Calke Abbey grounds today are a haven for wildlife

Harpur-Crew put together a large collection of stuffed birds, bird's eggs and Lepidoptera. His collection included birds shot by himself, and rare or abnormally coloured specimens bought from dealers and taxidermists. He was considered gullible and many of the specimens he sold were of dubious provenance. His purchase of a great auk egg in 1894 for 300 guineas, a huge sum at the time, caused a public stir. By the time of Sir Vauncey's death, the taxidermy collection numbered several thousand cases. Although some of this was subsequently sold to meet heavy death duties, much remained at Calke, only coming to light sixty years later. He considered Calke Abbey as a bird sanctuary and did not allow the entry of motor cars into the estate and electricity was not installed even in his daughters' lifetime, and only after his death was the ancient plumbing system replaced. A possible explanation for this intense dislike of the modern world is that Sir Vauncey had been privately educated at Calke in his youth, and did not attend any public school or university. Accordingly, he did not possess anything in the way of an open mind, with isolation on the estate merely compounding his antiquated views and opinions. His isolationism reminded many of an ancestor of his Henry the 7th Baronet, who has been called "the isolated baronet", known to communicate even with his servants only through written letters. Harpur-Crew sometimes communicated with his daughters through letters.[2]

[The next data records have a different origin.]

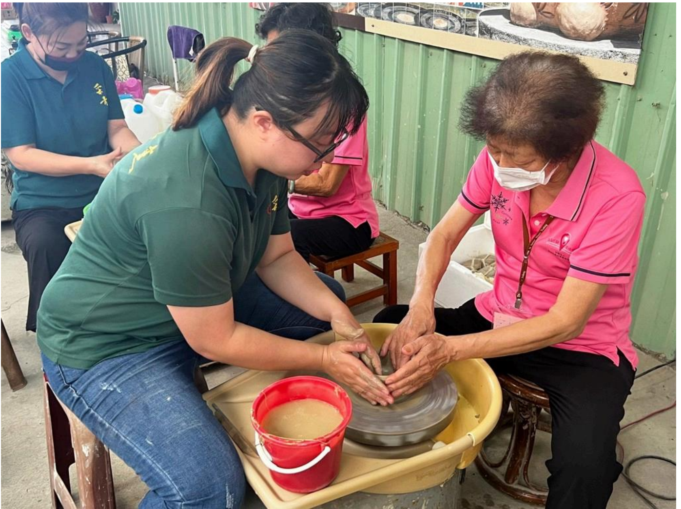
老師協助長輩操作手拉坯製作過程。

USR計畫主持人許桂樹教授指出，能藉由「二仁溪流域後現代城鎮漣漪翻轉策略：逆勢啟動南方聚落軸線復興力量」USR計畫，帶領偏鄉長輩參加多元活動，未來嘉藥也將持續舉辦更促進認知的活動，讓長輩們感受到學校師生的關懷、陪伴與支持。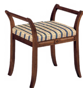
537T Panchetta / Bench L. 116 P. 38 H. 77 Maison Collection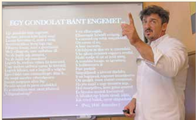
Kiváló miskolci pedagógusoktól tanulhatnak a műsort követő érettségizők.

A #érettségit minden hétköznap 16:50-től sugározza a Miskolc Televízió. Az adások a minap.hu facebook oldalán is követhetők lesznek.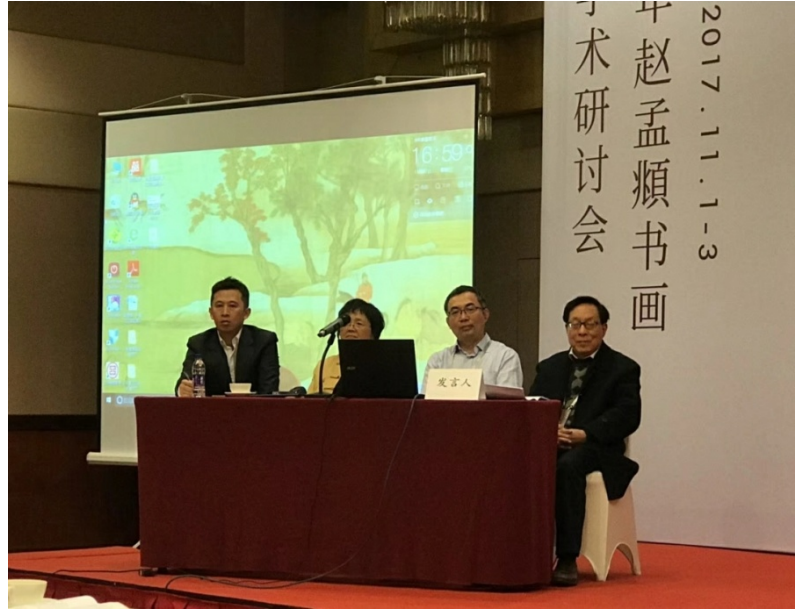
上圖：發表者接受提問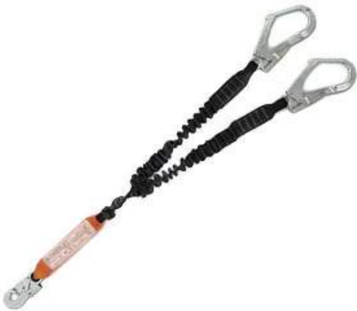
Talabarte Mult 1892 MG Cinto

Sir Vauncey and Lady Isabel had four daughters and one son, Richard Fynderne Harpur Crewe. Richard, unlike his father, took an interest in motorcars and aeroplanes, but he was always of delicate health and died of cancer aged 40 in 1921, before his father. There were no further surviving heirs of the 1st baronet in the male line and, on the death of Sir Vauncey Harpur Crewe in 1924, the baronetcy became extinct. The estate passed to the descendants of Sir Vauncey's youngest daughter Frances, and in 1985 to the National Trust.[3] His lepidoptera specimens were sold in 412 lots by Stevens' Auction Rooms.[4] His bird specimens were sold in 6 lots.[5]

References

  1. "No. 27171". The London Gazette. 6 March 1900. p. 1520.
  2. Colegate, Isabel (2006). "An Inherited Preference for Solitude:Great-Grandson of the Isolated Baronet". Common Knowledge. 12 (2).
  3. Jenkins, Jennifer; Drury, Martin (1988). "The National Trust in its Tenth Decade and The Restoration of Calke Abbey". RSA Journal. 136 (5383): 487–499. ISSN 0958-0433.
  4. Salmon, Michael A. (2000). The Aurelian Legacy. Harley Books. pp. 183–184.
  5. Melling, Tim. "The Eskimo Curlew in Britain" (PDF). British Birds. 103 (2): 80–92.